### TASK DIRECTIONS
Look for the line containing "주무부처인 건설교통부 관계자는" and the line containing "本軟體是目前唯一可以離線使用" in the entries below. Copy those two and all lines between them exactly, leaving out pictures.

### AVAILABLE DATA
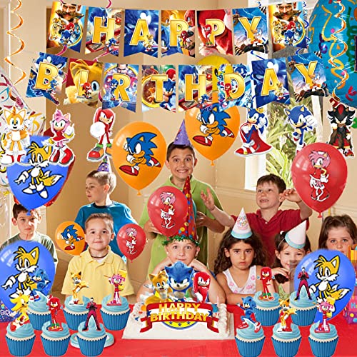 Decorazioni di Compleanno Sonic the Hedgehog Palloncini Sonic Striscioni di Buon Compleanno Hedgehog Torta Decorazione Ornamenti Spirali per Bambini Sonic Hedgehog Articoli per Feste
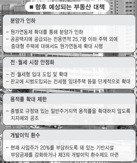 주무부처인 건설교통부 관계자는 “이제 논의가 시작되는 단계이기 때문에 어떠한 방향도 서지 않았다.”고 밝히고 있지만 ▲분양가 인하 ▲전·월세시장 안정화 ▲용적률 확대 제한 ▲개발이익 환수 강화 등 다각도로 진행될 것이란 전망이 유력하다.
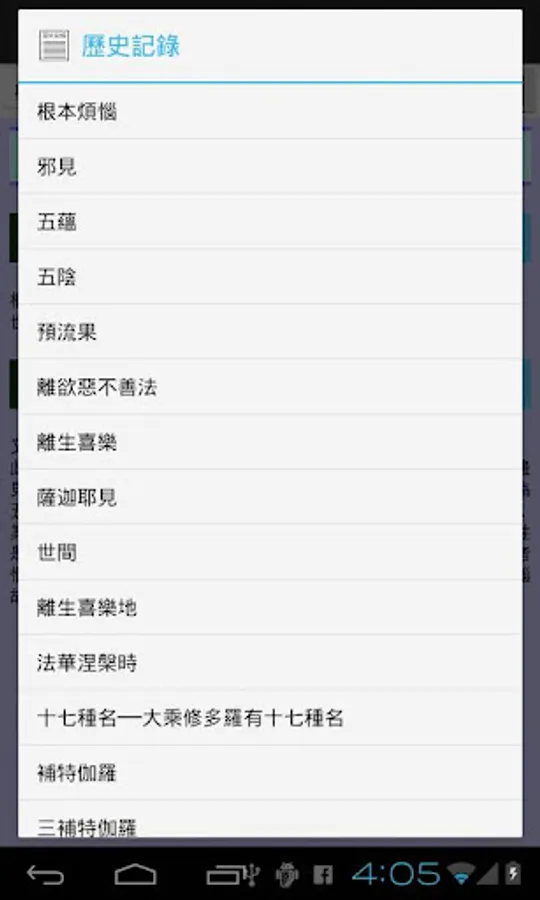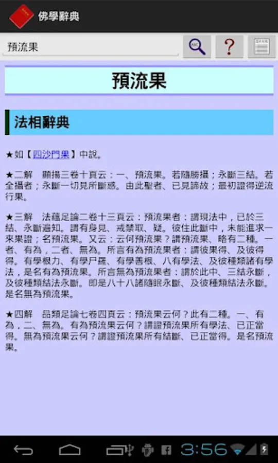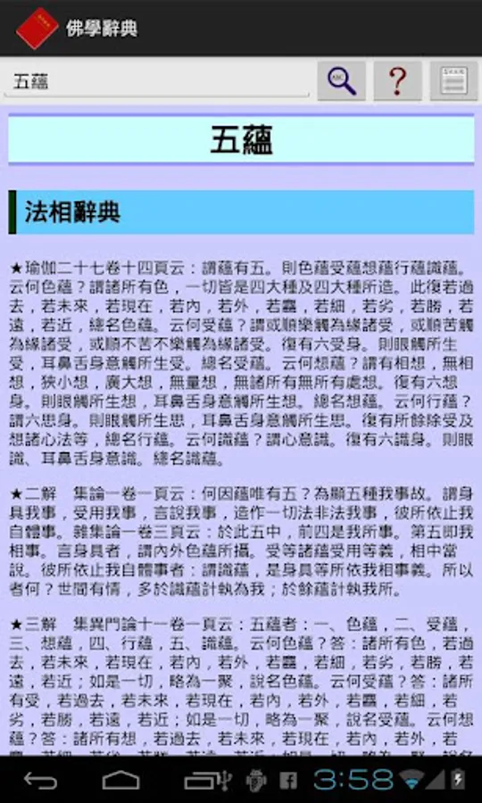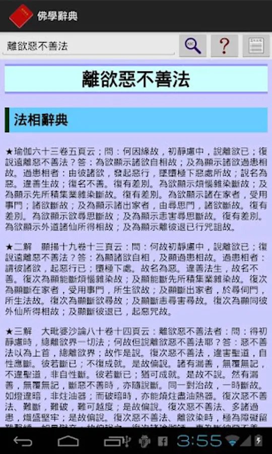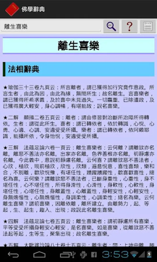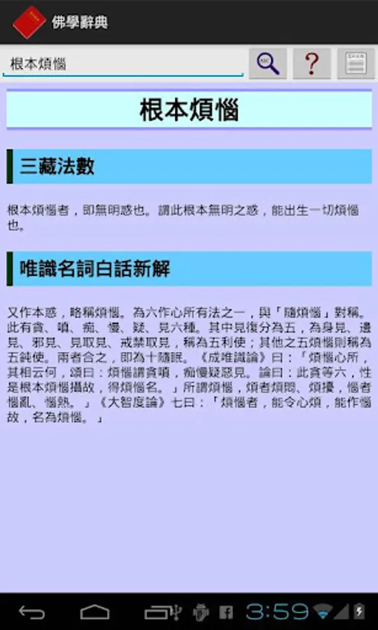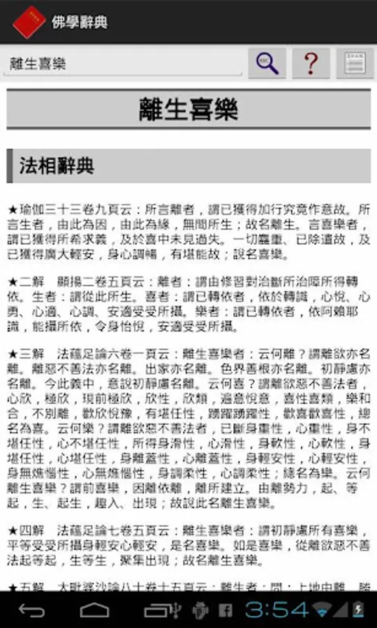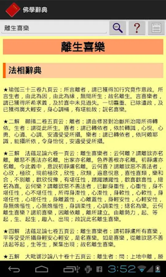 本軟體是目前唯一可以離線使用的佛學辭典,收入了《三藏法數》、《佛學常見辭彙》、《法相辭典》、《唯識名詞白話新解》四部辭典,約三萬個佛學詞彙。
...
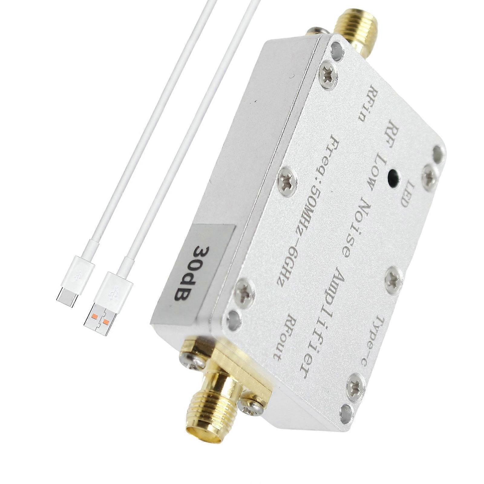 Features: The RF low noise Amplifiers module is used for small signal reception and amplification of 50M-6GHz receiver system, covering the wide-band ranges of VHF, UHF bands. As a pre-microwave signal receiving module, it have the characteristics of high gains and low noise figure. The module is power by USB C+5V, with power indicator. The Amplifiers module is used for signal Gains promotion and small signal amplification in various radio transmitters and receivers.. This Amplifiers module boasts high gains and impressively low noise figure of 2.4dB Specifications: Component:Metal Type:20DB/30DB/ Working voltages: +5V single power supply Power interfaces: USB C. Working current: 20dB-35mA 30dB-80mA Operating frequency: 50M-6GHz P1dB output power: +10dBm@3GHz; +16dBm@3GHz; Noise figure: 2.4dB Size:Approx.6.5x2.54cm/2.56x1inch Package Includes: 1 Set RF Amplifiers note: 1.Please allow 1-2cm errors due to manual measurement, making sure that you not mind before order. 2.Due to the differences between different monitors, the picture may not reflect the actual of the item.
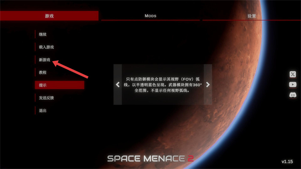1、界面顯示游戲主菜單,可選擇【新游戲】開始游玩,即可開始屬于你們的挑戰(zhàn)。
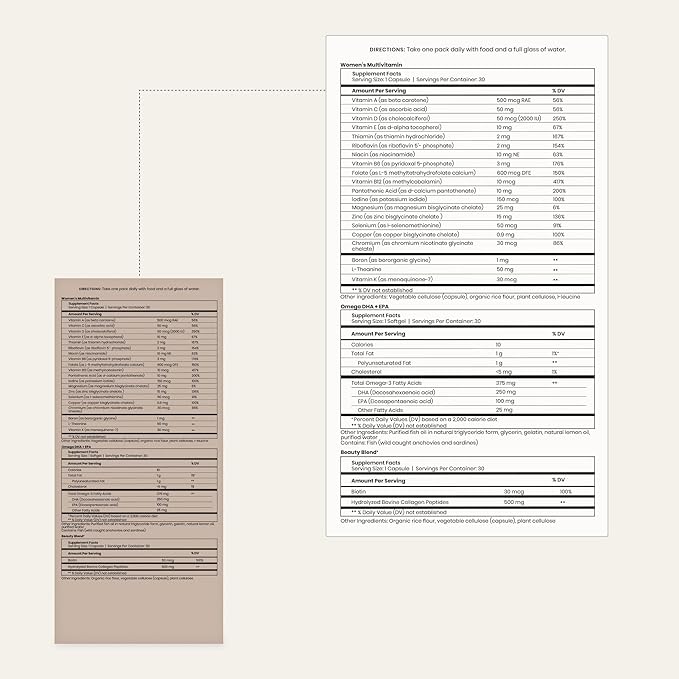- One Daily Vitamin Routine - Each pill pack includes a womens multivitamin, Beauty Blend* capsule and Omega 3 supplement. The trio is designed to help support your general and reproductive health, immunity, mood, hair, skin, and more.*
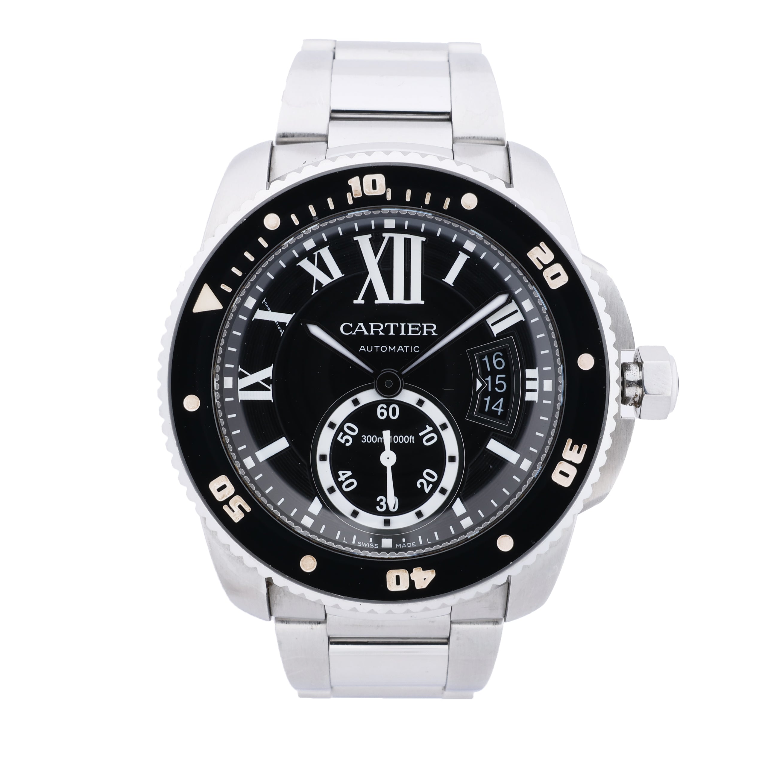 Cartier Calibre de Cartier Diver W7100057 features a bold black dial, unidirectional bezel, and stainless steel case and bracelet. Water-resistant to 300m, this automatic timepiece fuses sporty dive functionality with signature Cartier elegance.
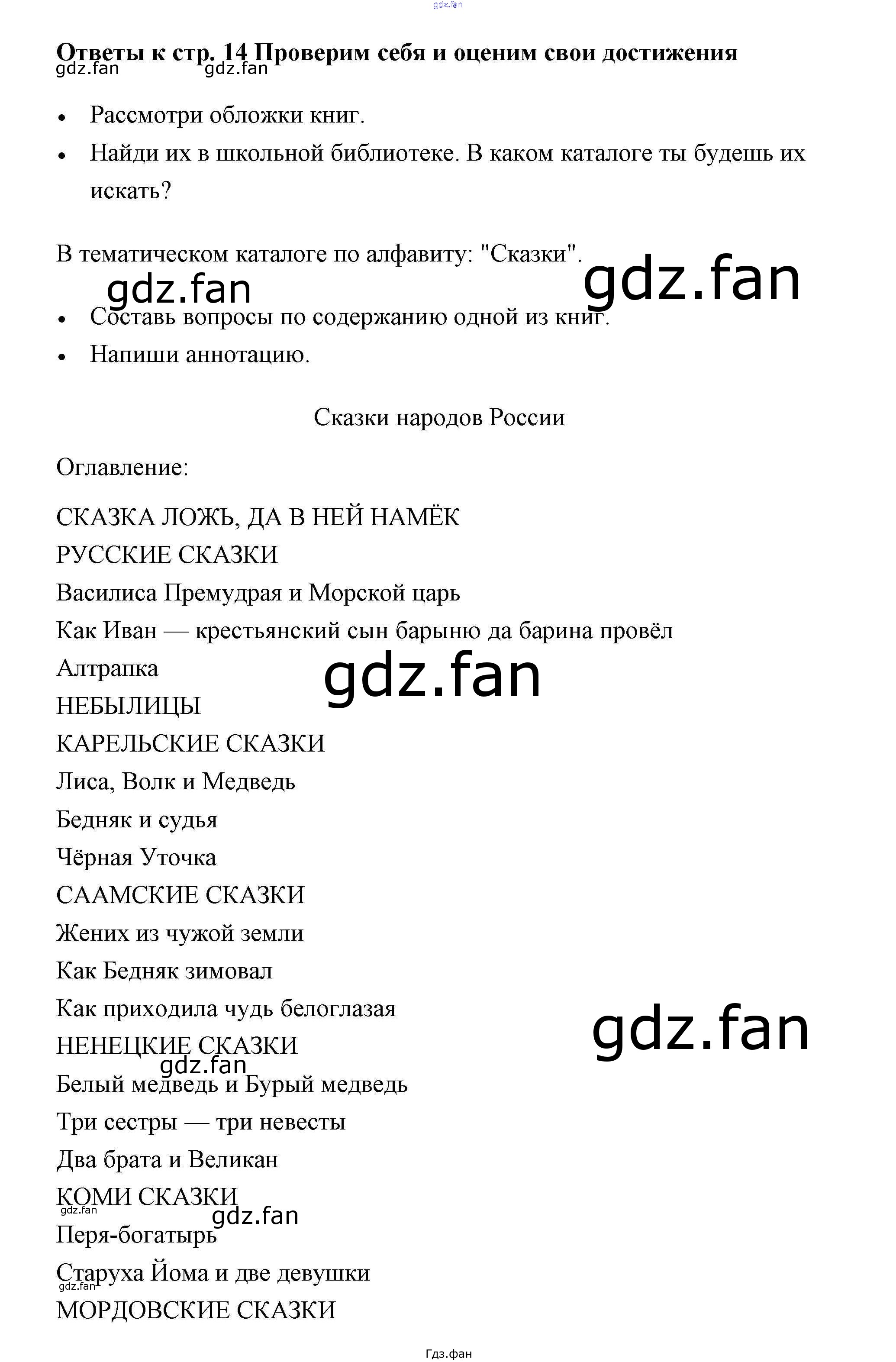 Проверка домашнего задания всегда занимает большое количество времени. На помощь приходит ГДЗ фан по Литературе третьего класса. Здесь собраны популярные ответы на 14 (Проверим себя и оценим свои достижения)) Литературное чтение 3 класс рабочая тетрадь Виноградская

### WRITTEN SOLUTION
 주무부처인 건설교통부 관계자는 “이제 논의가 시작되는 단계이기 때문에 어떠한 방향도 서지 않았다.”고 밝히고 있지만 ▲분양가 인하 ▲전·월세시장 안정화 ▲용적률 확대 제한 ▲개발이익 환수 강화 등 다각도로 진행될 것이란 전망이 유력하다.
 本軟體是目前唯一可以離線使用的佛學辭典,收入了《三藏法數》、《佛學常見辭彙》、《法相辭典》、《唯識名詞白話新解》四部辭典,約三萬個佛學詞彙。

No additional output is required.